DANet for Tabular data classification/ regression.

Related tags

Deep Learning DANet
Overview

Deep Abstract Networks

A pyTorch implementation for AAAI-2022 paper DANets: Deep Abstract Networks for Tabular Data Classification and Regression.

Brief Introduction

Tabular data are ubiquitous in real world applications. Although many commonly-used neural components (e.g., convolution) and extensible neural networks (e.g., ResNet) have been developed by the machine learning community, few of them were effective for tabular data and few designs were adequately tailored for tabular data structures. In this paper, we propose a novel and flexible neural component for tabular data, called Abstract Layer (AbstLay), which learns to explicitly group correlative input features and generate higher-level features for semantics abstraction. Also, we design a structure re-parameterization method to compress AbstLay, thus reducing the computational complexity by a clear margin in the reference phase. A special basic block is built using AbstLays, and we construct a family of Deep Abstract Networks (DANets) for tabular data classification and regression by stacking such blocks. In DANets, a special shortcut path is introduced to fetch information from raw tabular features, assisting feature interactions across different levels. Comprehensive experiments on real-world tabular datasets show that our AbstLay and DANets are effective for tabular data classification and regression, and the computational complexity is superior to competitive methods.

DANets illustration

DANets

Downloads

Dataset

Download the datasets from the following links:

(Optional) Before starting the program, you may change the file format to .pkl by using svm2pkl() or csv2pkl() functions in ./data/data_util.py.
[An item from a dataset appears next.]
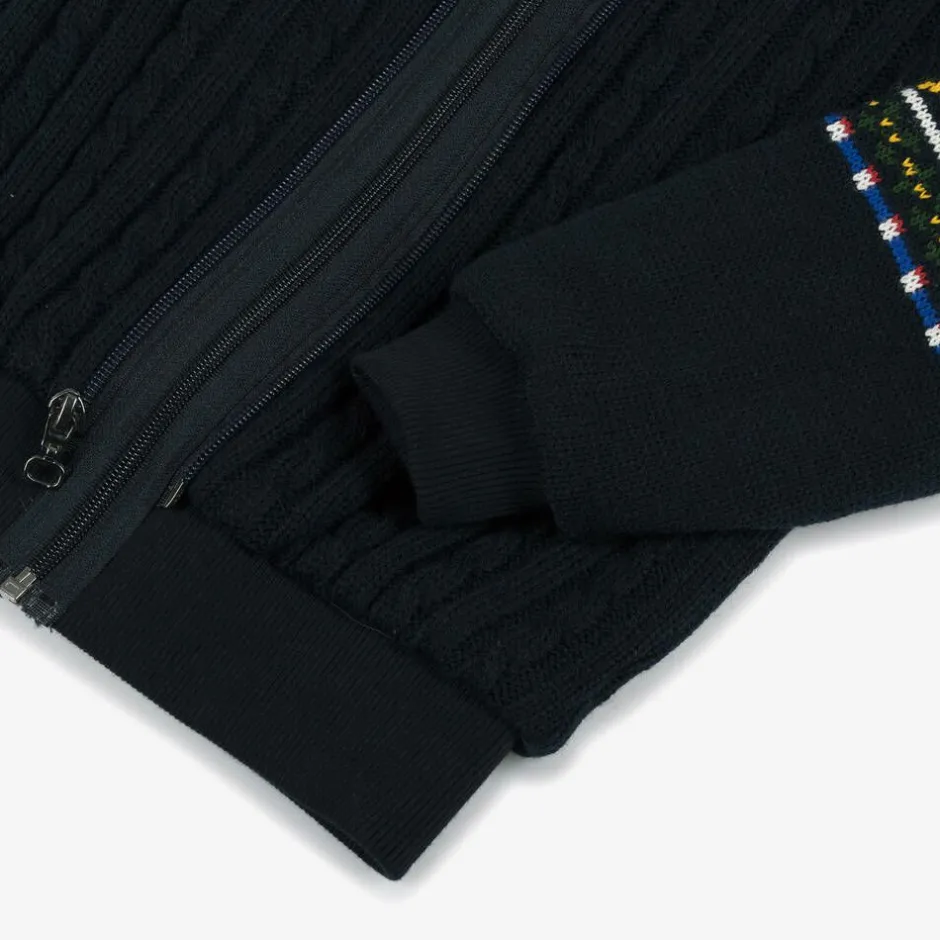 Cosy navy blue gilet and zip-up top combination for boys by Lapin House, which can be worn as one, or separately. The silky, padded, puffer gilet has an attached hood, lined in ivory fleece, and useful side pockets. It fastens on the front with a zip, or can zip onto the sweater as an extra layer. The cable-knit zip-up top has a stand-up collar and colourful patterns in the weave on the sleeves. It has warm, ribbed trims and is fully lined in jersey for comfort.

Weights for inference models

The demo weights for Forest Cover Type dataset is available in the folder "./Weights/".

How to use

Setting

  1. Clone or download this repository, and cd the path.
  2. Build a working python environment. Python 3.7 is fine for this repository.
  3. Install packages following the requirements.txt, e.g., by using pip install -r requirements.txt.

Training

  1. Set the hyperparameters in config files (./config/default.py or ./config/*.yaml).
    Notably, the hyperparameters in .yaml file will cover those in default.py.

  2. Run by python main.py --c [config_path] --g [gpu_id].

    • -c: The config file path
    • -g: GPU device ID
  3. The checkpoint models and best models will be saved at the ./logs file.

Inference

  1. Replace the resume_dir path with the file path containing your trained model/weight.
  2. Run codes by using python predict.py -d [dataset_name] -m [model_file_path] -g [gpu_id].
    • -d: Dataset name
    • -m: Model path for loading
    • -g: GPU device ID

Config Hyperparameters

Normal parameters

  • dataset: str
    The dataset name given must match those in ./data/dataset.py.

  • task: str
    Choose one of the pre-given tasks 'classification' and 'regression'.

  • resume_dir: str
    The log path containing the checkpoint models.

  • logname: str
    The directory names of the models save at ./logs.

  • seed: int
    The random seed.

Model parameters

  • layer: int (default=20)
    Number of abstract layers to stack

  • k: int (default=5)
    Number of masks

  • base_outdim: int (default=64)
    The output feature dimension in abstract layer.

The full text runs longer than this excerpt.